***** AVAILABLE DATA *****

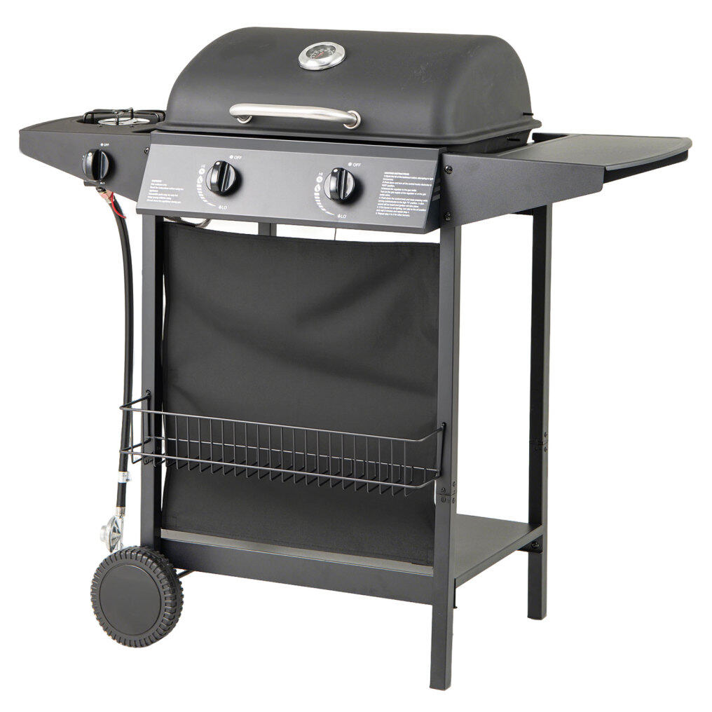 ● Powerful Heating Capability: For high-efficiency grilling, the outdoor BBQ grill offers two 9,000 BTU main burners plus a 12,000 BTU side burner. Each burner is equipped with independent knob control, allowing for precise temperature adjustment. And 2 flame tamers ensure even heat distribution.
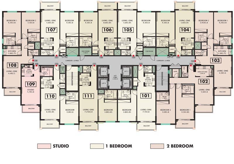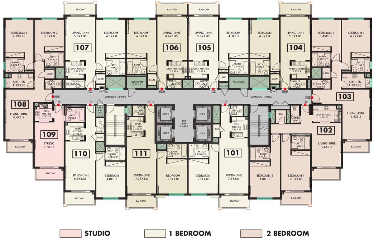 | 101 | 1 BEDROOM | 796 | 89 | 885 |
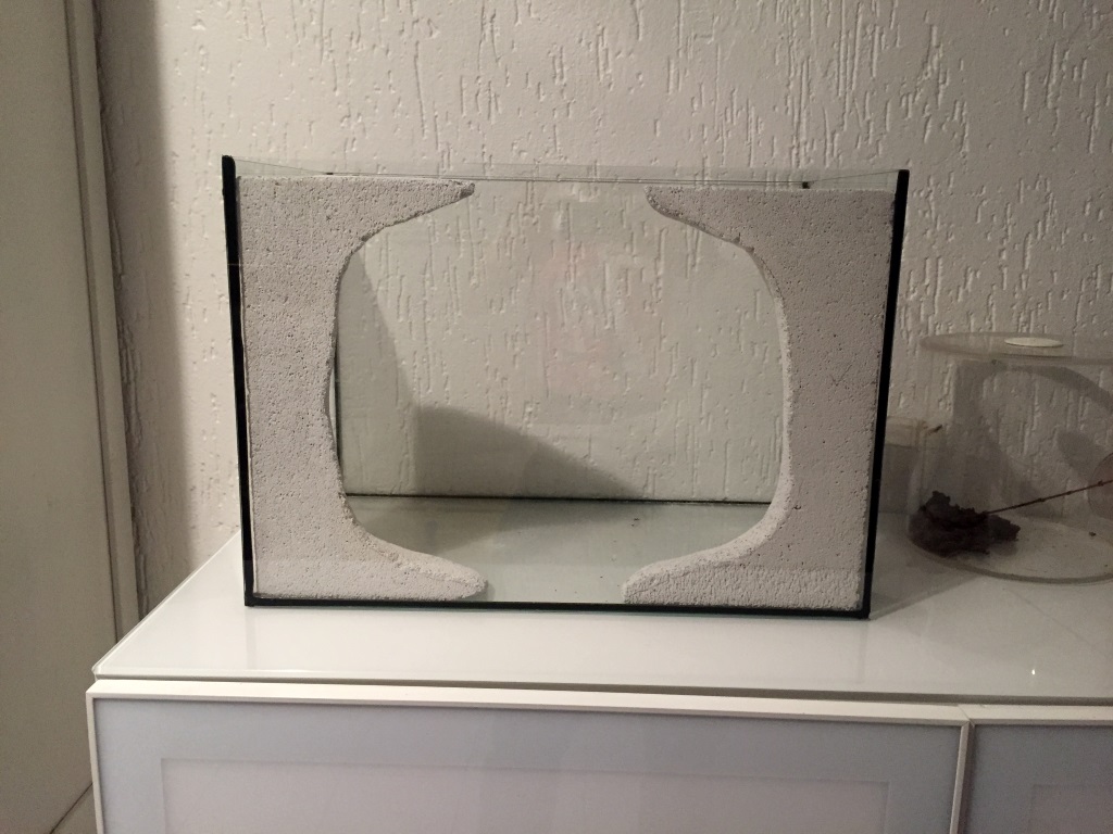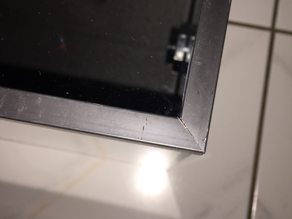 Mit einem "Ceranfeldschaber" habe ich die Silikonreste entfernt und mit 10 x 10 mm L-Profilen einen Rahmen gebastelt. Die Gehrungsschnitte sind überraschenderweise recht passend geworden. Festgeklebt wurden die Schienen mit Aquariensilikon.
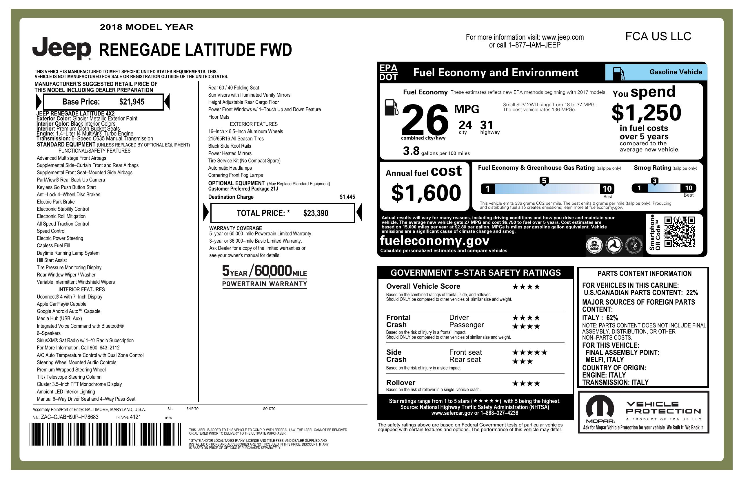 2018 Jeep Renegade Latitude Fwd
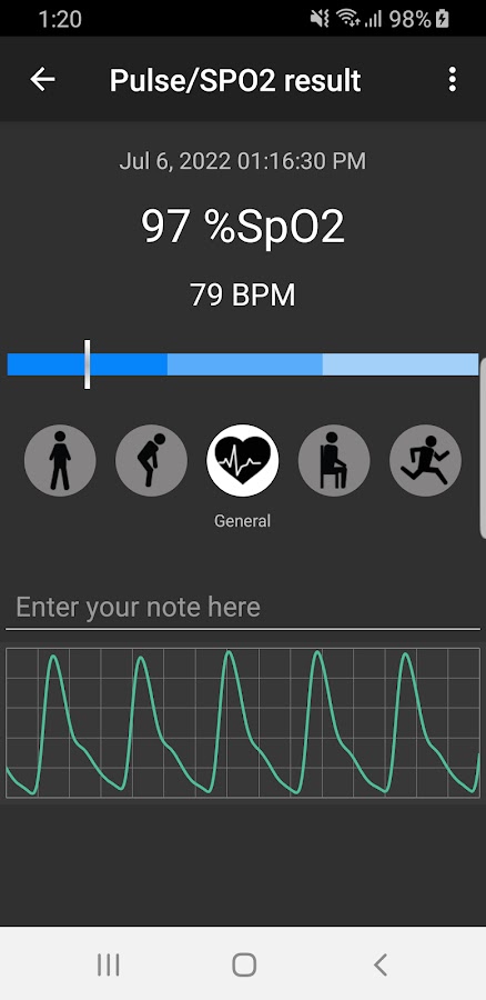 — Калибровка результата SPO2: выберите вариант Настройки -> Калибровка -> «Альтернатива» или другой вариант, если вы видите результат выше / ниже ожидаемого, вы также можете одновременно сравнить его с другими устройствами (одно слева , по одному на правой руке, каждый палец с одним устройством). Вы можете попробовать метод «задержать дыхание», чтобы откалибровать приложение.

*****

> TASK BRIEF:
An exact, word-for-word copy of the records is expected, with no pictures in it.

> TASK RESULT:
 ● Powerful Heating Capability: For high-efficiency grilling, the outdoor BBQ grill offers two 9,000 BTU main burners plus a 12,000 BTU side burner. Each burner is equipped with independent knob control, allowing for precise temperature adjustment. And 2 flame tamers ensure even heat distribution.
 | 101 | 1 BEDROOM | 796 | 89 | 885 |
 Mit einem "Ceranfeldschaber" habe ich die Silikonreste entfernt und mit 10 x 10 mm L-Profilen einen Rahmen gebastelt. Die Gehrungsschnitte sind überraschenderweise recht passend geworden. Festgeklebt wurden die Schienen mit Aquariensilikon.
 2018 Jeep Renegade Latitude Fwd
 — Калибровка результата SPO2: выберите вариант Настройки -> Калибровка -> «Альтернатива» или другой вариант, если вы видите результат выше / ниже ожидаемого, вы также можете одновременно сравнить его с другими устройствами (одно слева , по одному на правой руке, каждый палец с одним устройством). Вы можете попробовать метод «задержать дыхание», чтобы откалибровать приложение.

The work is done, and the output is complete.